Pontryagin algebras and the LS-category of moment-angle complexes in the flag case

TL;DR

This paper analyzes the algebraic and topological properties of moment-angle complexes associated with flag simplicial complexes, providing explicit descriptions of their Pontryagin algebras and LS-category, and extending previous results to arbitrary coefficient rings.

Contribution

It offers a detailed description of the Pontryagin algebra structure and LS-category for flag moment-angle complexes, and generalizes existing results to broader coefficient rings.

Findings

Pontryagin algebra structure explicitly described for flag complexes

LS-category computed for flag complexes and bounded in general case

Milnor-Moore spectral sequence collapses at second sheet for flag complexes

Abstract

For any flag simplicial complex $K$, we describe the multigraded Poincare series, the minimal number of relations and the degrees of these relations in the Pontryagin algebra of the corresponding moment-angle complex $Z_K$. We compute the LS-category of $Z_K$ for flag complexes and give a lower bound in the general case.
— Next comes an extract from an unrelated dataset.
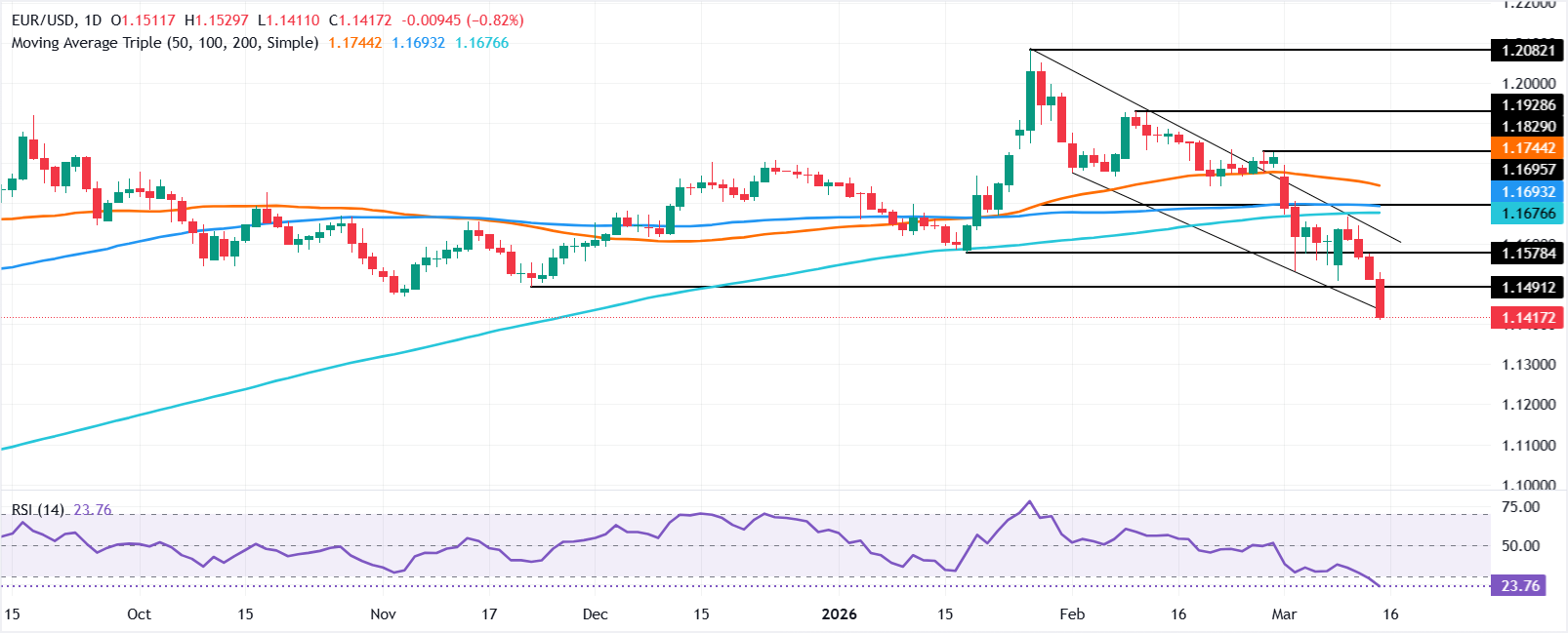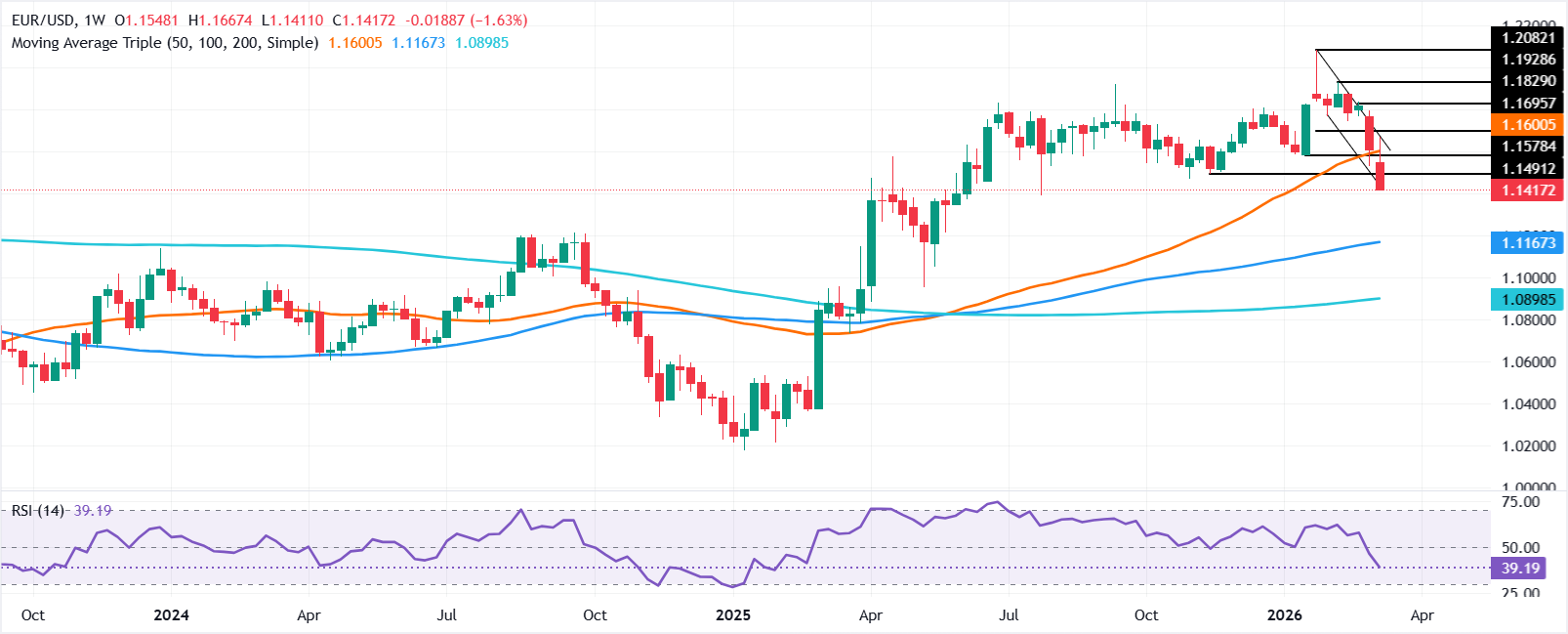 - EUR/USD turun 1,74% dalam seminggu, diperdagangkan di dekat 1,1414 setelah merosot di bawah SMA 200-hari.

The key observation is that the Milnor-Moore spectral sequence collapses at the second sheet for flag $K$. We also show that the results of Panov and Ray about the Pontryagin algebras of Davis-Januszkiewicz spaces are valid for arbitrary coefficient rings, and introduce the $(\mathbb{Z}\times\mathbb{Z}^m)$-grading on the Pontryagin algebras which is similar to the multigrading on the cohomology of $Z_K$.